• _Provided material_:

--- START ---

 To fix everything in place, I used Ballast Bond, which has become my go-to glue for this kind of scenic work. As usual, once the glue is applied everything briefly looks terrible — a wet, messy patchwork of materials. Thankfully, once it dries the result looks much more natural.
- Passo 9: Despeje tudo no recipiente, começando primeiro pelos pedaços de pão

--- END ---
--- START ---

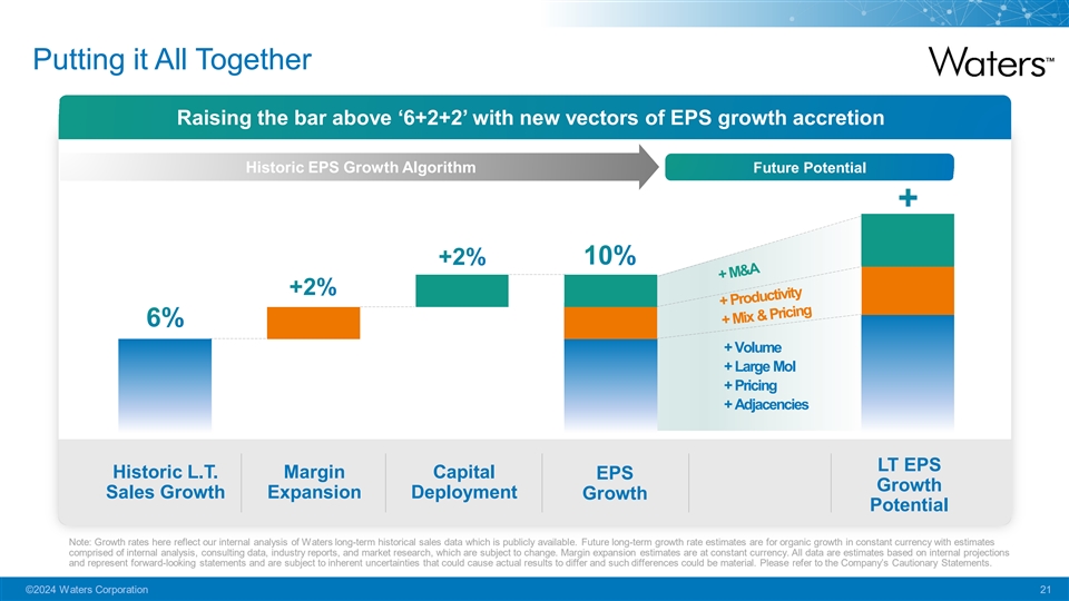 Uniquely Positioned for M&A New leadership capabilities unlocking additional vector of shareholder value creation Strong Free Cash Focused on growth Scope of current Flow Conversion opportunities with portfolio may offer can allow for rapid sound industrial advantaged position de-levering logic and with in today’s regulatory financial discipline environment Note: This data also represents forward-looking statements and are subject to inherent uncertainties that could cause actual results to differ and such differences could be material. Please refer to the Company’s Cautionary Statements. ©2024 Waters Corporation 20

--- END ---
--- START ---

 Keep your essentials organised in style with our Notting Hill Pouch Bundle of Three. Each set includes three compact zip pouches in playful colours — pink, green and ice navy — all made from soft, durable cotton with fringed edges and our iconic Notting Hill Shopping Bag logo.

--- END ---

• _Directions for this task_: When you reach the line holding "To fix everything" in the records above, begin reproducing exactly, stop after the line holding "- Passo 9: Despeje", and output nothing else.

• _Exercise solution_:
 To fix everything in place, I used Ballast Bond, which has become my go-to glue for this kind of scenic work. As usual, once the glue is applied everything briefly looks terrible — a wet, messy patchwork of materials. Thankfully, once it dries the result looks much more natural.
- Passo 9: Despeje tudo no recipiente, começando primeiro pelos pedaços de pão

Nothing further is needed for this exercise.